Perché temono di passare per il partito dei migranti, in una stagione in cui il batik non va affatto di moda?
«L`esito della catastrofe culturale è che il Pd realisticamente, forse motivatamente, teme tutto ciò che può danneggiarlo sul piano elettorale. Ma guardiamo fuori dai nostri confini. Perché solo la Merkel ha avuto il coraggio di dire “Ce la faremo” di fronte ai profughi? Per questo ha quasi subìto una scissione interna e ha messo a repentaglio l`esito del voto. Insomma, si può anche perdere, ma non è detto, ed esistono anche sconfitte remunerative dal punto di vista dell`identità e dei valori. Chi non ha il coraggio di correre dei rischi né vince né convince».
Il che ci porta alla triste vicenda dello ius soli.
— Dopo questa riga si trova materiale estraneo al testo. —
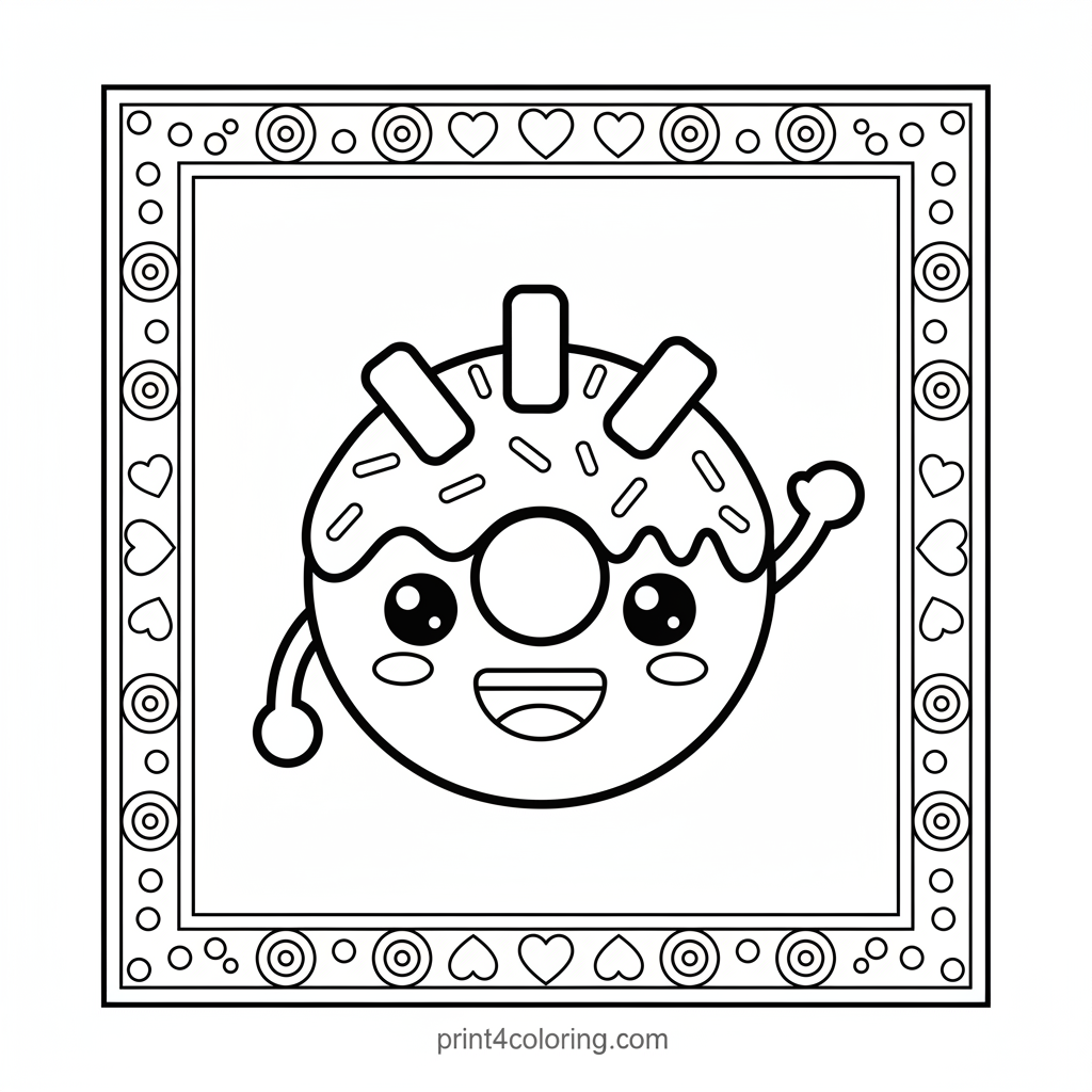 Meet your new sweetest friend, a happy donut with a big smile and sparkling eyes! This delightful treat is covered in colorful sprinkles and gives a friendly wave. Get ready to bring this adorable donut to life with your favorite colors, making it super yummy and fun to color for everyone!

Era davvero così mortalmente pericoloso votarlo?
«La legge era passata alla Camera nell`ottobre del 2015. In due anni non si è trovato il tempo di portarla al voto in Senato. Dunque, ci è arrivata all`ultimo minuto e in condizioni di grande incertezza. Ma, ecco il punto, si è considerato che i possibili voti persi, a causa di quella legge, sarebbero stati compensati probabilmente da altrettanti, se non più, voti conquistati proprio grazie all`approvazione dello ius soli? Se ci fossimo preoccupati a tempo debito di non rinunciare alla competizione a sinistra, sono convinto che avremmo oggi qualche centinaia di migliaia di elettori in più».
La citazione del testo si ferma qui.